60 Percent of Americans Faced Real Hardship During the Great Depression
Relations of Class in the Great Depression
Despite the fact that nearly everyone in the country was hurt to some degree by onset of the Depression, the 1930's was a period of exacerbted class conflict. One possible reason for this was the divergent responses which upper and lower class individuals had to the crisis. While many of the richest people in America lost money when the stock market crashed, the upper classes as a whole still retained much of the wealth which they had held before the Depression and in most cases did not suffer from unemployment.
Perhaps as a way of displaying their continued prosperity in the face of nationwide suffering (or of trying to show up their social equals who may have been hit harder by the crash) many among the upper classes began to flaunt their wealth more than ever. Working class Americans, many of whom were thrown out of work by the Depression (which they often correctly blamed upon the reckless financial dealings of the upper classes) were shocked and angered by this ostentatious display of wealth.
The upper classes, on the other hand, began to resent their social inferiors (as they saw the lower classes) even more than ever, particularly after the institution of the a number of New Deal programs which were paid for out of taxes on those who still had an income. They often viewed such programs as hand outs, which, as can be seen in this cover, were not somethign which the upper classes felt was their responsibility to provide. They were further angered by the actions of President Roosevelt, who catered to the mass of Americans while largely ignoring the interests of the upper classes. These factors served to heigten class tensions during a period when many Americans (both rich and poor) were already tense over their financial futures.
Amid this tension, class conflicts often became very visible and even violent, especially in cases of worker strikes. New Deal regulations helped foster significant unionization and these unions would often run into conflict with company hired police forces.
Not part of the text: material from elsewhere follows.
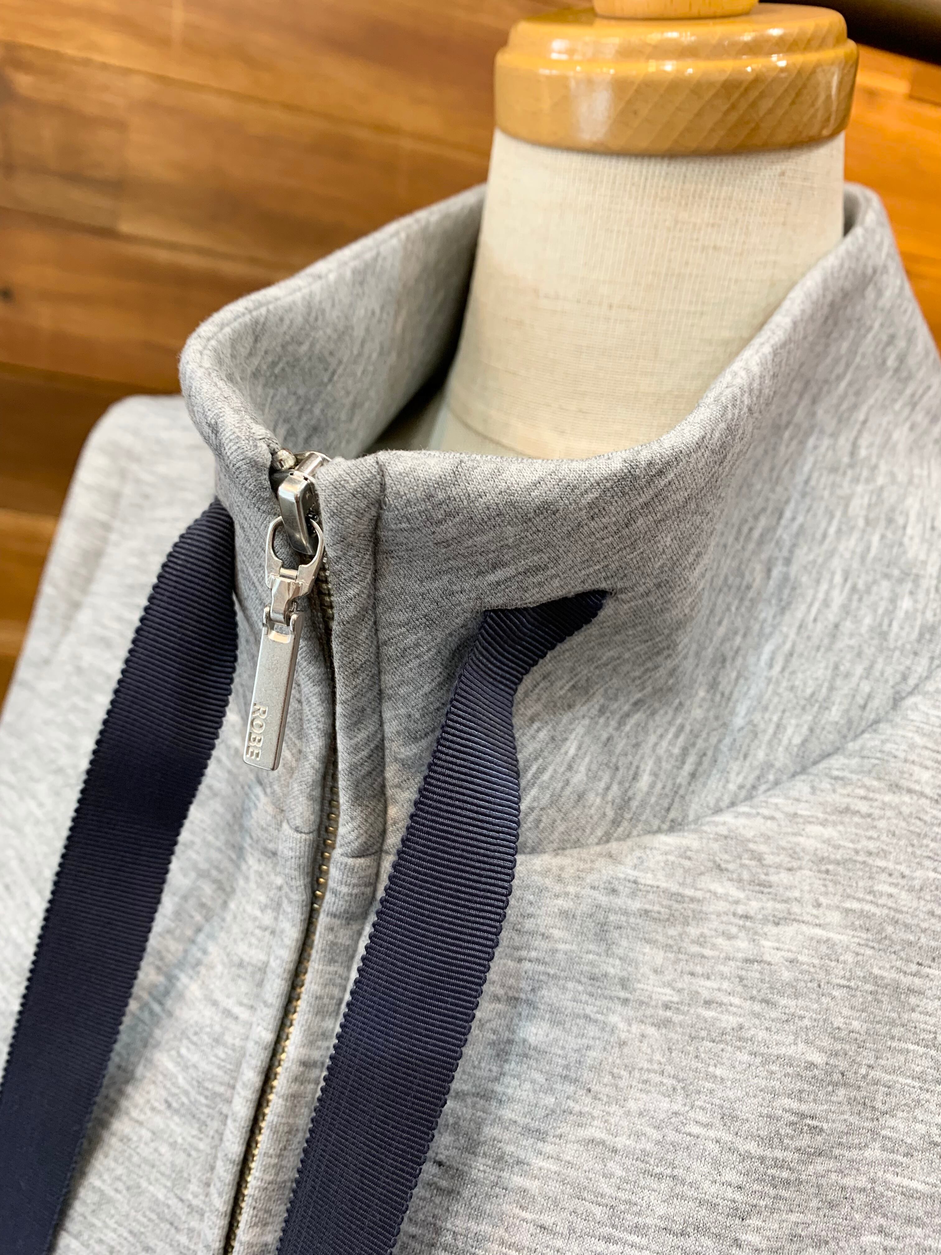 フロントの高めのネックの立ち上がりで、顔まわりがスッキリ見えします◎

Such conflicts, like the Memorial Day Massacre in Chicago, often left people dead on both sides.
Upper class Americans, sensitized by the Russian Revolution not two decades before, feared that a class war might be on the horizon as a number of workers joined the Communist party. While these violent conflicts never reached such a boiling point (thanks largely to the New Deal programs which many among the upper classes opposed) fears of this sort helped contribute to a general suspicion on both sides for the entire decade of the thirties.